Gray divorces are becoming increasingly common, and while financial matters are often the main focus, there are some family considerations to keep in mind as well. It’s common for couples with adult children to give little thought to how the divorce will impact them because there are no custody exchanges or visitation schedules to uphold. However, the divorce of your parents is a major event in your life no matter your age, and it’s important to understand how to make the process as easy as possible on your adult children.
The first thing to remember is that even though you may not have to co-parent with your ex after a gray divorce, you’re probably going to still have to deal with each other to a degree. Your children may go on to get married, have birthdays and have their own children, and you will both likely want to be present for these important milestones. The more you are able to put aside your differences and focus on the event and the person, the easier it will be.

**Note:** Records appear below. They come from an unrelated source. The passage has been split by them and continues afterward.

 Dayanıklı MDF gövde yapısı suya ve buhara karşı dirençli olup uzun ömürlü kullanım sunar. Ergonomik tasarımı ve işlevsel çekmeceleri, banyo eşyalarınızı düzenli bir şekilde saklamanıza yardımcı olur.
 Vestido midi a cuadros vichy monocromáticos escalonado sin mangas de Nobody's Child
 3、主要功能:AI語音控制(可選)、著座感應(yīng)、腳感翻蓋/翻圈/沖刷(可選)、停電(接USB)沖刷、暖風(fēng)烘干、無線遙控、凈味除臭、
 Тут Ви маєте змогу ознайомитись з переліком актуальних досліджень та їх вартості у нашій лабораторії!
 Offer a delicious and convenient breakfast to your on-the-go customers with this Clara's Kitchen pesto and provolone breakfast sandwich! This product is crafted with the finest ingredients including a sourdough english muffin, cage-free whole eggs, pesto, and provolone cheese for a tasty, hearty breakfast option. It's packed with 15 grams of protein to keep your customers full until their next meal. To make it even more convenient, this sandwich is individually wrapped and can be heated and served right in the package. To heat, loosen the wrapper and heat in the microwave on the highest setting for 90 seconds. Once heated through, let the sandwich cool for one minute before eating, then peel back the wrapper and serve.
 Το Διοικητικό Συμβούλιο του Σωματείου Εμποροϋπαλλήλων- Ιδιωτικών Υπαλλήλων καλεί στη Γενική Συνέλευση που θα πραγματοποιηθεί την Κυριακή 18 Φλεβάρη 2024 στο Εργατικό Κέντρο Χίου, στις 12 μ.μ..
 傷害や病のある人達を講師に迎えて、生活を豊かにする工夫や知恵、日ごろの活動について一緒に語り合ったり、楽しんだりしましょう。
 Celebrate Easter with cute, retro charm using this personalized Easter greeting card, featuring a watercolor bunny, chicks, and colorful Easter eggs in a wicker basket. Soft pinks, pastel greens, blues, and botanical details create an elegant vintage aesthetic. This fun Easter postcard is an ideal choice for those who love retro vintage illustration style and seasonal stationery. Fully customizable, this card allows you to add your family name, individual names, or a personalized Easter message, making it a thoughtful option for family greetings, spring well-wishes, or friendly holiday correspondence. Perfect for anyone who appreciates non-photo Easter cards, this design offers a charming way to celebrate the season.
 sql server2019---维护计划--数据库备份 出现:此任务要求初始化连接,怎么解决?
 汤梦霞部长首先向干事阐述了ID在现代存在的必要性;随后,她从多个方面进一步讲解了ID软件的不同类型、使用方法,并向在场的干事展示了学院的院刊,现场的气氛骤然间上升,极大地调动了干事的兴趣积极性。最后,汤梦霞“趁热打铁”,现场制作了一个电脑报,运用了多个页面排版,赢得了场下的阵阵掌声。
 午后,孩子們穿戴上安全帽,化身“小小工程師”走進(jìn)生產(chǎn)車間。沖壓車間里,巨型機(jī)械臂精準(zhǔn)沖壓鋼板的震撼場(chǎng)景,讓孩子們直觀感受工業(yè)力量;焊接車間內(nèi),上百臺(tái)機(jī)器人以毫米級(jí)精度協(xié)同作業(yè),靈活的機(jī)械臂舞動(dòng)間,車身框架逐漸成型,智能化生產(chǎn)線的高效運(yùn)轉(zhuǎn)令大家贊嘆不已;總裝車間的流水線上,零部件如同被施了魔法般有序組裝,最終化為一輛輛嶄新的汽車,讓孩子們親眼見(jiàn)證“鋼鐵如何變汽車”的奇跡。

However, there may also be times where you can’t handle being in the same room with your ex. This especially common when the divorce is still fresh and both parties are still trying to get settled into their new independent lives. If you don’t want to attend a family event where your ex will be present, be honest about your feelings.
There may be a way to accommodate both of you, such as one person coming for the first half of the event and the other coming for the second, but it’s important to also be prepared for this not to happen. Just like minors, your adult children don’t want to be in the middle of the divorce or feeling like they have to pick sides. It may help to talk to your ex directly and figure out a solution between yourselves.